▶ [WORK INSTRUCTION]
Where does the string "Card" occur in the entries below? Copy every line where it does.

▶ [MATERIAL SUPPLIED]
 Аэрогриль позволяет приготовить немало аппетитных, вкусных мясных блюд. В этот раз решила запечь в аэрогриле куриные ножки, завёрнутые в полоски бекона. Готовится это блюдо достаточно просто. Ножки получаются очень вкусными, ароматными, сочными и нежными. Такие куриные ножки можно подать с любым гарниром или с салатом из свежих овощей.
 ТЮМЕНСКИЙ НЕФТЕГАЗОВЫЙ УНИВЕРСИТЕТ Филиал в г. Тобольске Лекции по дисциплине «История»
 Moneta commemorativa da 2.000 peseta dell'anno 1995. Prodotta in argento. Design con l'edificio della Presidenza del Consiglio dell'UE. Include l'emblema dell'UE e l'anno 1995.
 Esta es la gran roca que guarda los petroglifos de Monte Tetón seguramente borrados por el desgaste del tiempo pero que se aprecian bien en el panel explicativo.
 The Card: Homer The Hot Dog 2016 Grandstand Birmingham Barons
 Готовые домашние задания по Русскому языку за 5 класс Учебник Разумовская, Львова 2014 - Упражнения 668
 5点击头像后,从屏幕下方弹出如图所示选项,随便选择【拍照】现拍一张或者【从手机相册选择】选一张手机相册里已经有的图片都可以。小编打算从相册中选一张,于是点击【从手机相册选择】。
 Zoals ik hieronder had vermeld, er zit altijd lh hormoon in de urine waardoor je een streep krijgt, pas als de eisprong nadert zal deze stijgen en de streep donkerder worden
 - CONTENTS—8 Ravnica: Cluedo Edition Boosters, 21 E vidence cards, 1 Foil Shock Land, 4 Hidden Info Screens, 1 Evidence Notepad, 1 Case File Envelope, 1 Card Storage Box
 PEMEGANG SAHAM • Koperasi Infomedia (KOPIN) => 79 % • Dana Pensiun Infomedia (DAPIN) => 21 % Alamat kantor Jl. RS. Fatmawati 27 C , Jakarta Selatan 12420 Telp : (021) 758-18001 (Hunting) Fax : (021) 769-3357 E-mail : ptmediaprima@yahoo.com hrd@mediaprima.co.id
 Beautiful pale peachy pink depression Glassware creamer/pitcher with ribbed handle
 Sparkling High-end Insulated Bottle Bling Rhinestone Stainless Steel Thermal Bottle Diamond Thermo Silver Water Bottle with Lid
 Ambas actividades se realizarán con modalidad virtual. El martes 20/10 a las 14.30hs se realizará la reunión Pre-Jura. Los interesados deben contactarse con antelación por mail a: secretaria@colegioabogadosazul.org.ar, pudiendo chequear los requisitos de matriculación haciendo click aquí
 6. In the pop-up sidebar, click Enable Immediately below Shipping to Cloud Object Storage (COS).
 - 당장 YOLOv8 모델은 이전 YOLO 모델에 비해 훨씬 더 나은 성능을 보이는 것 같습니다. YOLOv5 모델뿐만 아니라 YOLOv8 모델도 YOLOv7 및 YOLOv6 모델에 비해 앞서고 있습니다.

▶ [YOUR RESPONSE]
 The Card: Homer The Hot Dog 2016 Grandstand Birmingham Barons
 - CONTENTS—8 Ravnica: Cluedo Edition Boosters, 21 E vidence cards, 1 Foil Shock Land, 4 Hidden Info Screens, 1 Evidence Notepad, 1 Case File Envelope, 1 Card Storage Box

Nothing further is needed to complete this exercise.